[TRY IT]
Beneath this line sits some data. Return only its lines from the one holding "3年・学年集会・「体育大会に向けて」 公開日 2024/07/03" through the one holding "SHENZHEN, 28. September", inclusive, exactly, with the images removed.
☆ ☆ ☆ ☆ ☆
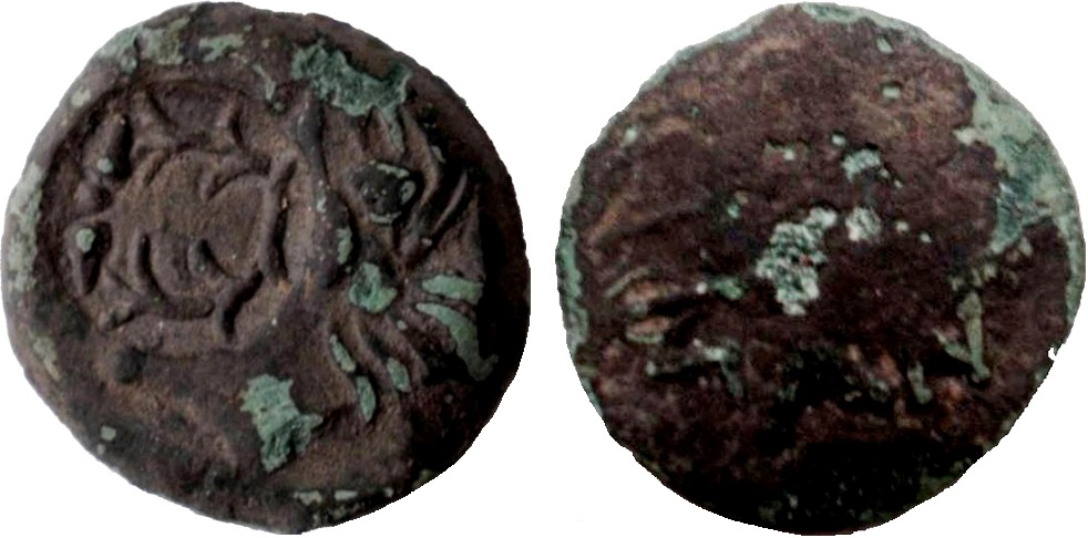 После изучения монетного клада найденного в Краснодарском кр. и состоящего из типов: основной массив 133-3117 и его разновидностей (133-3273, 133-3361), а так же единичных монет 138-3018, 000-3174 и 157-3103 считаем, что датировка данного типа В.А.Анохиным ошибочна. Ан.133 с надчеканом "венок" следует отнести к третьей четверти III в. до н.э.
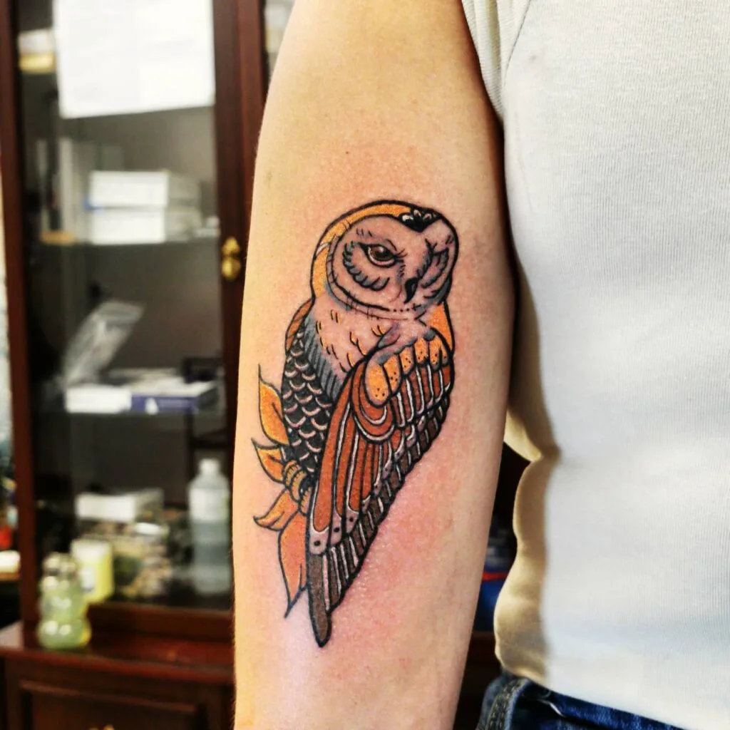 This tattoo features a striking barn owl with beautifully detailed wings, creating an elegant and powerful look. The owl’s feathers are shaded with precision, and warm orange tones give the piece a lively and unique style. Placed on the upper arm, it feels like a protective guardian watching over the wearer.
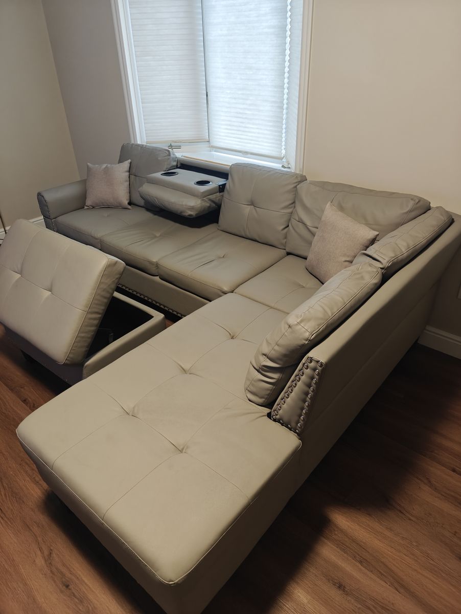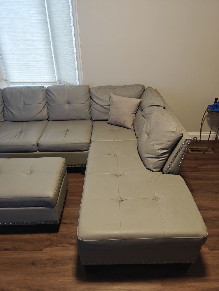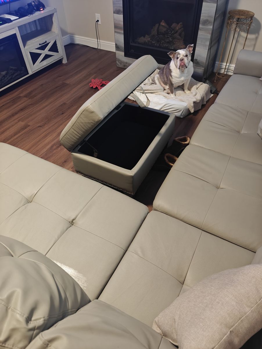 PayPalBeautiful grey faux leather couch with built in cup holder and ottoman with built in storage (dog not included) LOL.
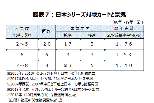 巨人菅野智之投手が、開幕戦から無傷の9連勝。開幕投手の開幕からの連勝記録で、90年の斎藤雅樹の8連勝を30年ぶりに超え、巨人では38年春のスタルヒン(11連勝)以来2人目という快挙を82年ぶりに達成した。また、巨人で開幕9連勝以上は38年春のスタルヒン11連勝、38年秋のスタルヒン10連勝、42年藤本10連勝、66年堀内13連勝に次いで54年ぶり4人、5度目である。今年のペナントレースは8月30日現在、最も人気のある巨人が貯金14と首位を走っているがそのうち9は菅野によるものであり、貢献度は大きい。プレーオフがあるパリーグは人気1位のソフトバンクが首位で人気5位のロッテが2位だ。日本シリーズの対戦カードは優勝チーム同士の対戦になると、人気1位チーム同士の対戦になるので、対戦チームの人気ランキング合計は2と、景気拡張局面17回、後退局面3回というランキング合計2~5のケースになる。また、ロッテが日本シリーズ出場なら下克上のチームが出ると拡張局面というジンクスからみて、どちらも景気面から好ましいだろう(図表7)。
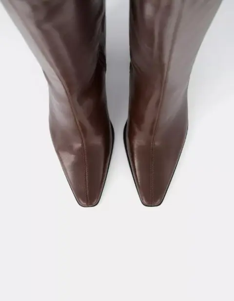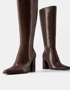 Bota alta Bershka color chocolate, acabado tipo piel, con tacón ancho de 8.5 cm y diseño limpio y elegante.
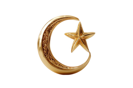 Golden crescent and star ornament isolated on transparent background
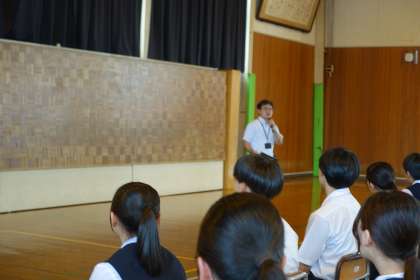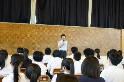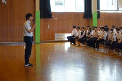 3年・学年集会・「体育大会に向けて」 公開日 2024/07/03 更新日 2024/07/04 3学年 7月4日(木) 5限 来たる体育大会と、体育大会団役員選出について話を聞きました。 先生たちの熱のこもった語り口に、全員真剣に聞き入っていました。 (写真 上:「自分たちで最高の体育大会にしよう」<大村先生>) (写真 中:「体育大会に向け普段の生活を見直そう」<室林先生>) (写真 下:「体育大会に向け学年のレベルを上げよう」<櫻井主任>)
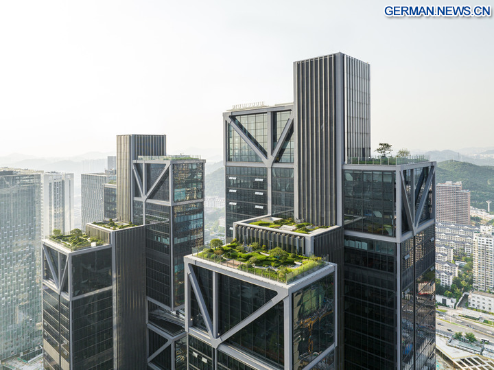 SHENZHEN, 28. September 2022 (Xinhua) -- Das Foto zeigt die Dachgärten des neuen Firmensitzes des chinesischen Drohnenherstellers DJI im Stadtbezirk Nanshan von Shenzhen in der Provinz Guangdong in Südchina, 13. September 2022. Der chinesische Drohnenhersteller DJI hat die Eröffnung seines neuen Firmensitzes namens DJI Sky City in Shenzhen bekannt gegeben. (Foto von Tian Fangfang/Xinhua)
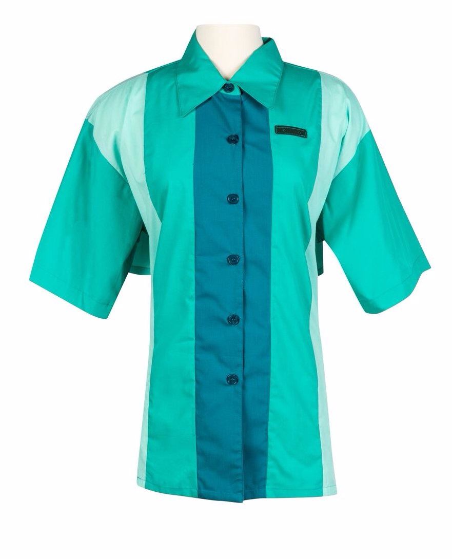 (EPCOT, c.2000) An original female cast member shirt for the "Innoventions" attraction in the Future World area of EPCOT Center. This shirt features stripes in shades of blue, and still retains its original Disney wardrobe tag inside. This shirt is a female size 2XL and is in very good condition with minor wear from use.
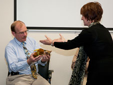 That item was among several that Dolci brought to the Dryden Aircraft Operations Facility in Palmdale, California, to present to SOFIA programme staff. Just after the crew briefing for the SOFIA's first dedicated science flight on 30 November 2010, Dolci presented SOFIA program manager Bob Meyer with the kiwi and koala. Meyer passed the items along to Nancy McKown of the Universities Space Research Association, mission manager for the first series of SOFIA's science flights, to be carried on board the airborne observatory. The mascots, Meyer said, "need to go flying."
☆ ☆ ☆ ☆ ☆
[EXERCISE RESULT]
 3年・学年集会・「体育大会に向けて」 公開日 2024/07/03 更新日 2024/07/04 3学年 7月4日(木) 5限 来たる体育大会と、体育大会団役員選出について話を聞きました。 先生たちの熱のこもった語り口に、全員真剣に聞き入っていました。 (写真 上:「自分たちで最高の体育大会にしよう」<大村先生>) (写真 中:「体育大会に向け普段の生活を見直そう」<室林先生>) (写真 下:「体育大会に向け学年のレベルを上げよう」<櫻井主任>)
 SHENZHEN, 28. September 2022 (Xinhua) -- Das Foto zeigt die Dachgärten des neuen Firmensitzes des chinesischen Drohnenherstellers DJI im Stadtbezirk Nanshan von Shenzhen in der Provinz Guangdong in Südchina, 13. September 2022. Der chinesische Drohnenhersteller DJI hat die Eröffnung seines neuen Firmensitzes namens DJI Sky City in Shenzhen bekannt gegeben. (Foto von Tian Fangfang/Xinhua)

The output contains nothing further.